I've seen some examples on the web that use a temporary worksheet to do this (fast, but might introduce some issues with protected workbooks and such) and some other examples that go cell by cell through the first range checking for intersections with the second one (extremely slow).

After some thinking I've come up with this code {1}, which works faster, but still is slow. Subtracting from a range representing the whole worksheet takes from 1 to 5 minutes depending on how complex the second range is.

When I looked over that code trying to find ways to make it faster I saw a possibility for applying the divide-and-conquer paradigm, which I did {2}. But that had made my code slower instead. I'm not much of a CS guy, so I might have done something wrong or this algorithm simply is not the one the divide-and-conquer should be used on, I don't know.

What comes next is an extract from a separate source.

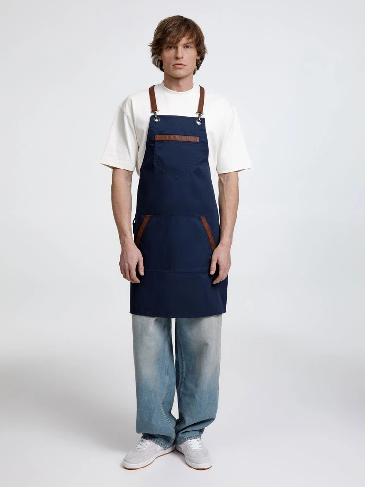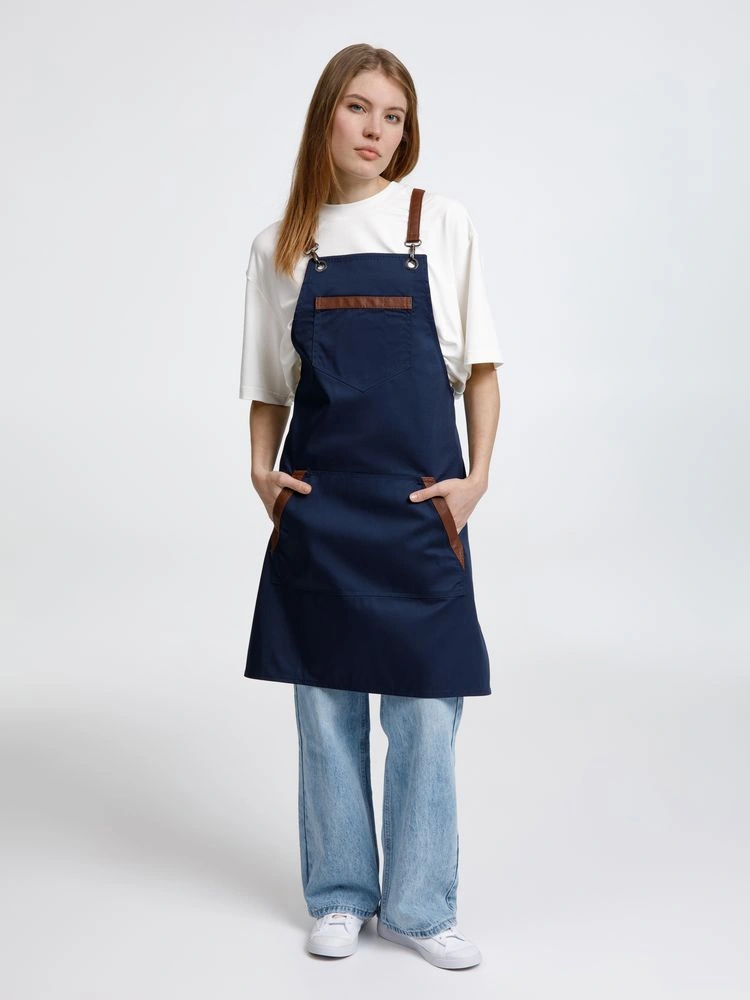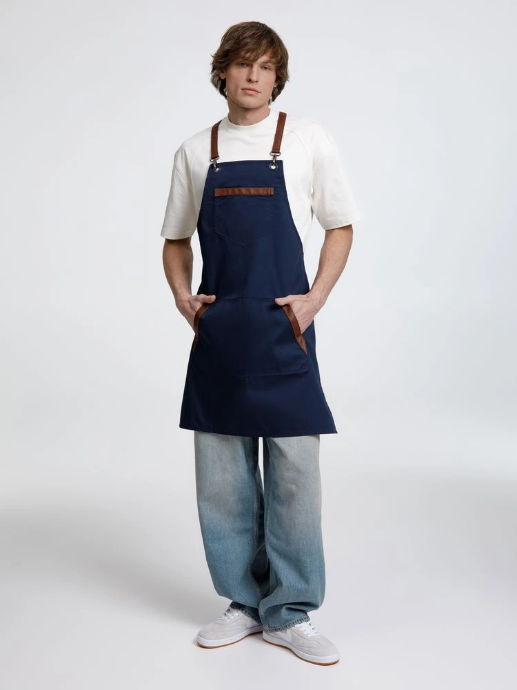 Универсальный фартук бармена, бариста, официанта. Может служить отличным подарком и для людей творческих профессий — художников или скульпторов — и всех, кто любит мастерить что-то своими руками.Функциональные карманы на груди и подоле эффектно украшают фартук, изготовленный из качественной дышащей плотной износостойкой ткани. Благодаря динамичным крестообразным лямкам он отлично сидит как на мужской, так и на женской фигуре. Кроме того, съемные лямки упрощают процесс стирки в стиральной машине.

I have also tried rewriting it using mostly recursion, but that took forever to finish or (more often) had thrown Out of Stack Space errors. I didn't save the code.

The only (marginally) successful improvement I've been able to do is adding a flip switch {3} and going first through rows, then (in the next call) through columns instead of going through both in the same call, but the effect was not as good as I've hoped. Now I see that even though we don't go through all rows in the first call, in the second call we still loop through the same amount of rows we would in the first one, only these rows are a little bit shorter :)

I would appreciate any help in improving or rewriting this function, thank you!

The solution, based on the accepted answer by Dick Kusleika

Dick Kusleika, thank you very much for providing your answer! I think I'll use it with some modifications I've made:

  • Got rid of the global variable (mrBuild)
  • Fixed "some overlap" condition to exclude "no overlap" case
  • Added more complex conditions to choose whether to split the range top to bottom or left to right

With these modifications the code runs very fast on the most of common cases. As it's been pointed out, it will still be slow with checkerboard-style huge range which I agree is unavoidable.

I think this code still has a room for improvement and I'll update this post in case I modify it.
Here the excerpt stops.